Le déni moderne du libre arbitre commence comme un corollaire de la mécanique newtonienne. C'est à partir de Newton que nous avons pu calculer le mouvement des corps célestes, déterminé par un ensemble de variables (forces) qui agissent sur eux. Si, en connaissant toutes les forces agissant sur un objet, nous pouvons prédire son mouvement, les objets et l’univers sont déterminés par un ensemble d’événements antérieurs. Les êtres humains, en tant que partie intégrante de la nature et d’un univers déterministe, le sont également : il leur resterait à connaître toutes les humeurs de la nature qui agissent sur nous pour prédire nos attitudes.

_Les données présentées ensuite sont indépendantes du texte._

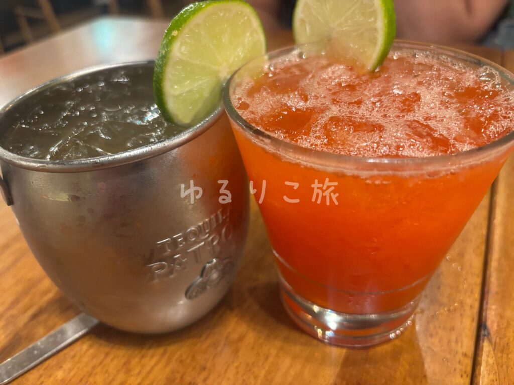 娘はマンゴージュース、私はピンクマルガリータ、パパはジントニックで乾杯しました。

L’entreprise philosophique de Kant vise en partie à résoudre cette question. Comment la liberté humaine peut-elle exister dans un monde mécanique, où le mouvement est déterminé par les lois objectives de la physique, si la nature humaine est soumise à ces lois ? À l’époque, les philosophes se demandaient vraiment comment les humains, en tant qu’agents indéterminés, pouvaient exister dans ce cadre. Kant a contourné le problème : le monde sensible extérieur, dominé par les lois de la physique, nous apparaît selon notre sensibilité ; Cependant, quelle que soit notre expérience, il existe un monde de choses telles qu’elles sont en elles-mêmes. Le monde nouménal est le monde tel que nous le percevons, tandis que le monde phénoménal est le monde de la réalité tel qu’il est en lui-même. La liberté humaine et la raison pratique, en tant qu’objets en soi, ne font pas partie du cadre déterministe parce qu’elles ne peuvent être saisies.2
En d’autres termes, le monde des lois physiques tel que nous le voyons ne peut rien dire de nous et de notre liberté. Ainsi, le débat philosophique sur la possibilité du libre arbitre humain dure depuis des siècles et aujourd’hui, malgré les avancées scientifiques, il n’est pas à un stade très différent de ce qu’il était auparavant.3
Tout d’abord, comme dans tout travail scientifique, il faut conceptualiser ce que l’on entend par « libre arbitre ». Les significations sont variées. Cependant, lorsque les déterministes radicaux disent qu’il n’existe pas de libre arbitre, ils disent qu’il n’existe aucune forme de libre arbitre, aucune marge de liberté pour prendre des décisions. Selon eux, nous ne sommes pas les auteurs de nos propres choix et ne devrions pas en être tenus moralement responsables.
C'est ce que dit l'argument de base. Galen Strawson, dans son article intitulé L'impossibilité de la responsabilité morale, une position qui se répète chez tous les déterministes : « Il existe un argument, que j'appellerai l'argument de base, qui semble prouver que nous ne pouvons pas être véritablement ou finalement moralement responsables de nos actes. Selon l’argument de base, cela ne fait aucune différence que le déterminisme soit vrai ou faux. Dans aucun des cas, nous ne pouvons être véritablement ou ultimement moralement responsables de nos actes.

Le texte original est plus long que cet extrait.